Looks like you're off to a good start. Here is one thought that comes to mind...

While the color placement works great, the layout is very blocky at the moment. I might suggest trying to come up with an element or two that has a unique angle to it - a building, in particular, set at an angle would really add a nice touch. Another way to break up that blocky pattern is to add some variety of form to the colors used for the ground...

...for example, instead of only a plate as a block of color on the ground (which is just a rectangle), add some 1 x 1, 1 x 2 or 1 x 3 plates around the border to make that color area more asymmetrical. You can also vary the height of the ground a bit, and definitely very the height of the buildings.
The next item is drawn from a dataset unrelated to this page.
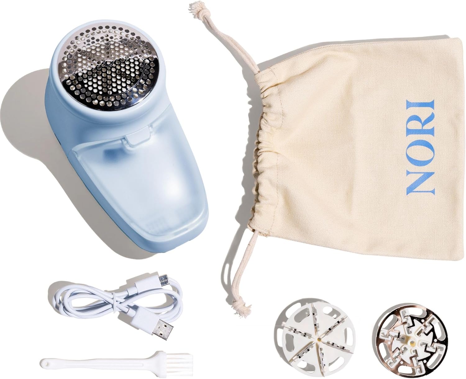 Nori Trim Fabric Shaver - Lint Remover for Clothes & Furniture Couch Pilling - Sweater Pill Remover - Clothes Shaver with 6 Precision Blades - Wireless and Rechargeable - Blue

Lego is made up of blocky forms (duh!) that create immediate geometric patterns and repeating visual rhythms. When I see really good Lego creations, more often than not, the builder has managed to break that sense of uniformity in some way or another. By doing that, the MOC tends to feel more believable and natural (because in the real world, most things - even man made elements - aren't uniform). You don't have to go overboard, but if you can include a few things with angles or some variation from pattern, I think it will help.

I think the other thing that I might suggest, since it looks like you've got a fair bit of space to work with, is to give a few areas of the MOC some "breathing room" when any figs, vehicles, etc. come into the picture. Compositions work well when there are areas of focus (usually points where the most activity is taking place) and other areas where the eye kind of relaxes. I see a lot of dios where there is SO much going on EVERYWHERE, that the whole composition ends up looking too busy, and the effect is ruined. Even if you're planning a battle scene - which is, of course, very chaotic - I'd say still try to create areas where there is less going on, and a few places where there is a lot more visual interest.

Hope this babble was a little helpful. Good luck with the project!

Permalink
| May 11, 2011, 7:46 am
Quoting Mark Kelso

Looks like you're off to a good start. Here is one thought that comes to mind...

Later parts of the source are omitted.